Disruptive Paranoia:
A second challenge arises when managers look to the theory of disruptive innovation as a roadmap or a predictive tool. Of the many threats on the horizon, which ones are the most critical and demand the greatest focus? Questions such as these are critical not only for the incumbents whose businesses are vulnerable, but also for potential entrants and their investors and partners. According to the analysis that Andrew King and Baljir Baatartogtokh reported in the Sloan Management Review article, only seven of the 77 business case studies covered in two best known books on disruption, "The Innovator's Dilemma" and "The Innovator's Solution" fit Christensen's own criteria of what constitutes disruptive innovation.

Lepore, too highlights the problems with using disruption as a predictive guide by revisiting many of the case studies; she concludes that "It makes a very poor prophet." For a manager, this lack of prescriptive power is costly, as every threat to an incumbency may seem like the next disruption.

Brand Disrupt:
A third reason for concern is that "disruption" has created an entire industry that does little other than use the word as a brand. Consider just the number of industry conferences alone that use the word: TechCrunch Disrupt, Digital Disruption, Disruption and the Energy Industry, Disrupting Mobility, Insurance Disrupted -- a small sampling from this year. The overuse of the word takes away from any meaningful ways of making distinctions between different kinds of competitive threats and opportunities and offering practical decision frameworks or criteria that can stimulate creative problem-solving.

What is to be done? Before we run the risk of throwing the baby out with the bathwater, I would note that the mechanics underlying the original idea from Christensen (and others, such as McKinsey's Richard Foster, who had put forth similar concepts even earlier and reiterated in the December Harvard Business Review article) are sound.

To my surprise, few (including Christensen himself) seem to have made the connection to the fact that the mechanics underlying disruption - "low end disruption" emanating from an entrant who sees an opportunity in a less profitable segment of the market- is simply an outcome of the oldest tenets of good business strategy. One of the first rules of strategy, and what is taught in practically every business school, is to choose where to play, especially in the most attractive or most profitable segments of the market. Acting on this idea automatically implies that you would create the opening for an entrant who can occupy unoccupied territory at the low attractiveness end of the market.

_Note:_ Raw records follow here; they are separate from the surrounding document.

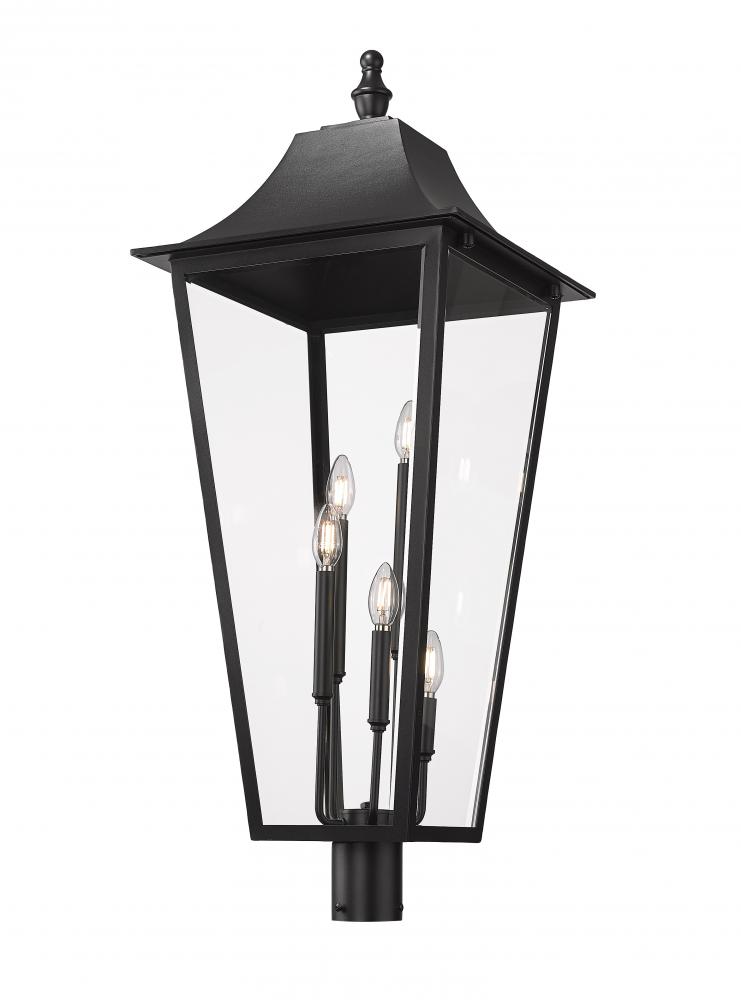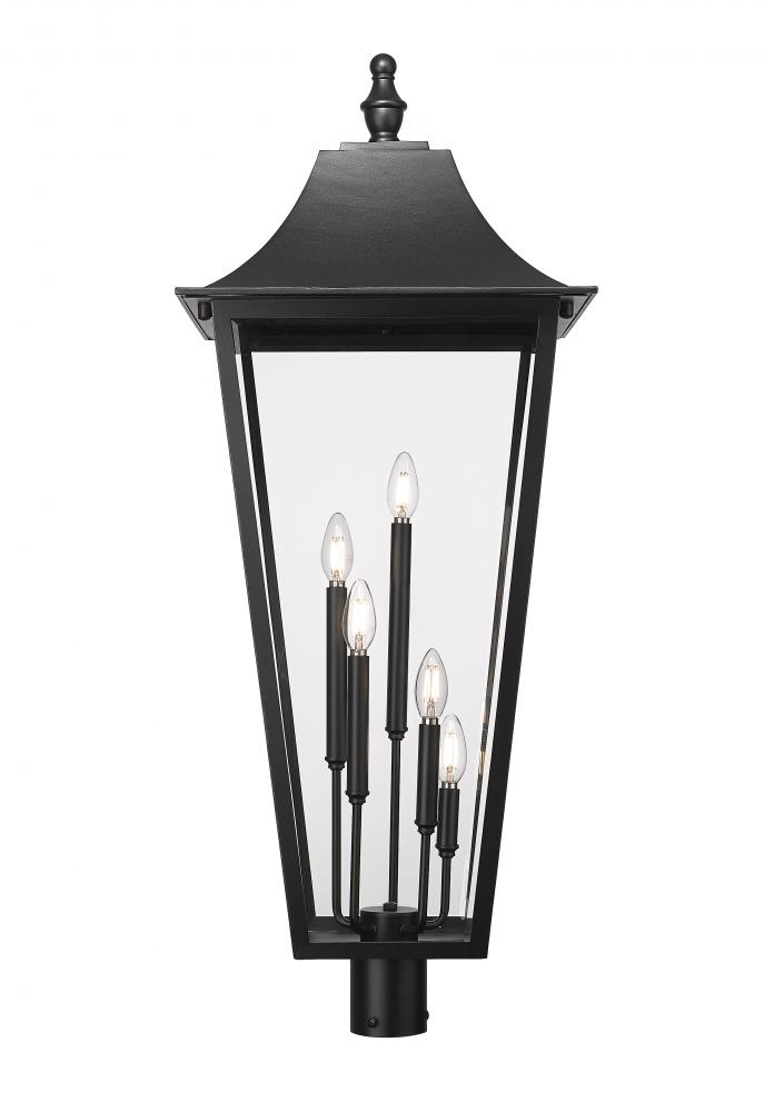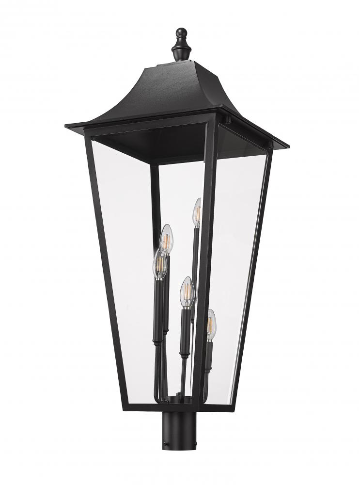 Set a stylish tone in your landscaping with a traditional five-light outdoor post mount lantern. A light cluster at its center glows brightly through clear beveled glass, adding dimension and depth to decks and walkways. A Coastal black finish completes the look with durability.
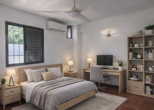 Living-comedor amplio, con pisos cerámicos y ventilación natural.
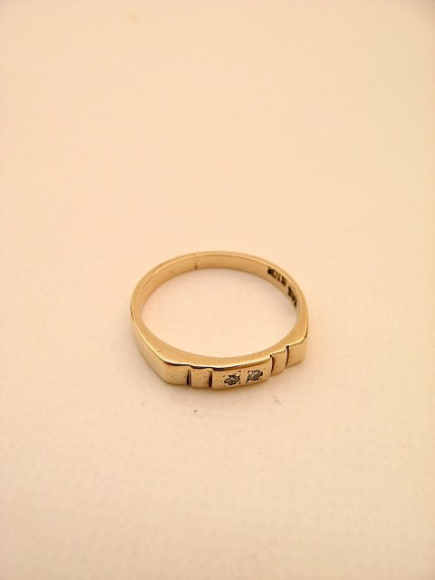 14 karat guld ring størrelse 54-55 med 2 små diamanter fra Juveler Børge Knudsen Odense Nr. 225537
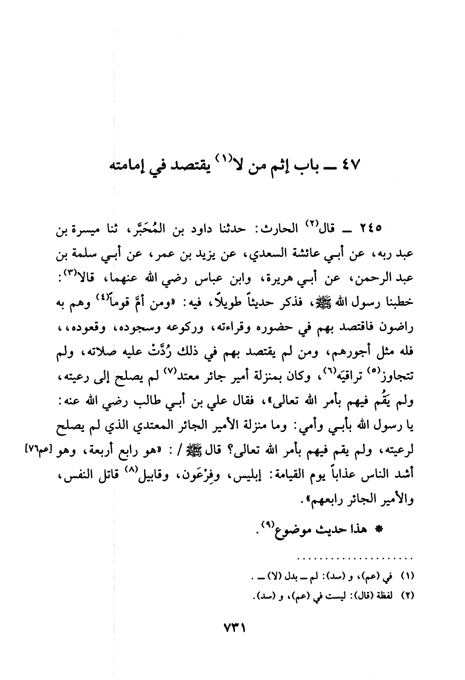 245 - قَالَ الْحَارِثُ حَدَّثَنَا دَاوُدُ بْنُ الْمُحَبَّرِ ثنا مَيْسَرَةُ بْنُ عَبْدِ رَبِّهِ عَنْ أَبِي عَائِشَةَ السَّعْدِيِّ عَنْ يزيد بن عمر عَنْ أَبِي سَلَمَةَ بْنِ عَبْدِ الرَّحْمَنِ عَنْ أَبِي هُرَيْرَةَ وَابْنِ عَبَّاسٍ رَضِيَ اللَّهُ عَنْهُما قَالَا خَطَبَنَا رَسُولُ اللَّهِ صَلَّى اللَّهُ عَلَيْهِ وَسَلَّمَ فَذَكَرَ حَدِيثًا طَوِيلًا فِيهِ " §وَمَنْ أَمَّ قَوْمًا وَهُمْ بِهِ رَاضُونَ فَاقْتَصَدَ بِهِمْ فِي حُضُورِهِ وَقِرَاءَتِهِ وَرُكُوعِهِ وَسُجُودِهِ وَقُعُودِهِ فَلَهُ مِثْلُ أُجُورِهِمْ وَمَنْ لَمْ يَقْتَصِدْ بِهِمْ فِي ذَلِكِ رُدَّتْ عَلَيْهِ صَلَاتُهُ وَلَمْ تَتَجَاوَزْ تَرَاقِيَهُ وَكَانَ بِمَنْزِلَةِ أَمِيرٍ جَائِرٍ مُعْتَدٍ لَمْ يُصْلِحْ إِلَى رَعِيَّتِهِ وَلَمْ يَقُمْ فِيهِمْ بِأَمْرِ اللَّهِ تَعَالَى فَقَالَ عَلِيُّ بْنُ أَبِي طَالِبٍ رَضِيَ اللَّهُ عَنْهُ يَا رَسُولَ اللَّهِ بِأَبِي وَأُمِّي وَمَا مَنْزِلَةُ الْأَمِيرِ الْجَائِرِ الْمُعْتَدِي الَّذِي لَمْ يُصْلِحْ لِرَعِيَّتِهِ وَلَمْ يَقُمْ فِيهِمْ بِأَمْرٍ اللَّهِ تَعَالَى قَالَ صَلَّى اللَّهُ عَلَيْهِ وَسَلَّمَ هُوَ رَابِعُ أَرْبَعَةٍ وَهُوَ أَشَدُّ النَّاسِ عَذَابًا يَوْمَ الْقِيَامَةِ إِبْلِيسُ وَفِرْعَوْنُ وَقَابِيلُ قَاتِلُ النَّفْسِ وَالْأَمِيرُ الْجَائِرُ رَابِعُهُمْ "
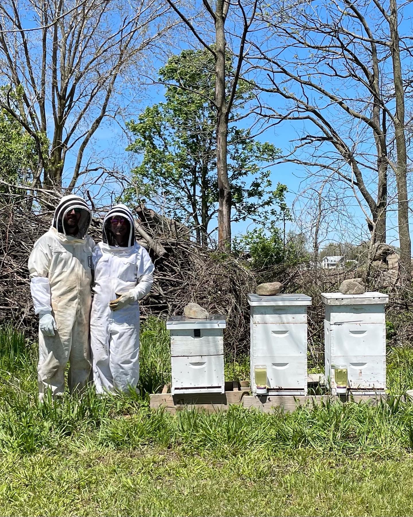 While I haven’t posted as many beekeeping updates over the past year, we are still very active keeping our hives healthy and happy. We currently have ten hives that are spread throughout our farm. We lost four hives over the winter and bought hives to replace them that were suppose to arrive two days before my due date. Thankfully Quinn was kind enough to wait to arrive till after we got the hives established. I was out there helping Luke at 39 weeks pregnant. Here’s to a good, healthy summer for our busy bees!

This is, after all, the first step in the Christensenion journey of disruption. The second step of the journey is that the incumbent retreats even further into a more circumscribed segment after the industry attractiveness shifts after entry -- once again, classic strategy would endorse the move.

The primary practical lesson therefore is the following: while you have a group that decides and executes on strategy for your organization, set up a parallel group that develops the "anti-strategy" -- the task is to anticipate the logic that different entrants might use to occupy the segments where your firm has chosen not to play. The collisions between the recommendations of the two groups will give you a roadmap for what the organization must anticipate. Based on the strength of the anti-strategists' rationale, you could prioritize the severity of the alternative disruptive threats and allocate resources accordingly.

Disruption is not a radical idea. The academic debate runs the risk of radicalizing it and absorbing even more management time and attention. It is time we disrupted the endless talk of "disruption" and went back to the first principles of old-fashioned business strategy. The core idea has been lurking there all along. Now, it is time to focus on acting on it.

Chakravorti is senior associate dean of International Business & Finance at Tufts University's the Fletcher School. He's also the founding director of the Institute for Business in the Global Context and author of "The Slow Pace of Fast Change". Formerly a partner at McKinsey, he taught entrepreneurship and innovation at Harvard Business School.

This article appeared last week in an op-ed in my column in The Washington Post.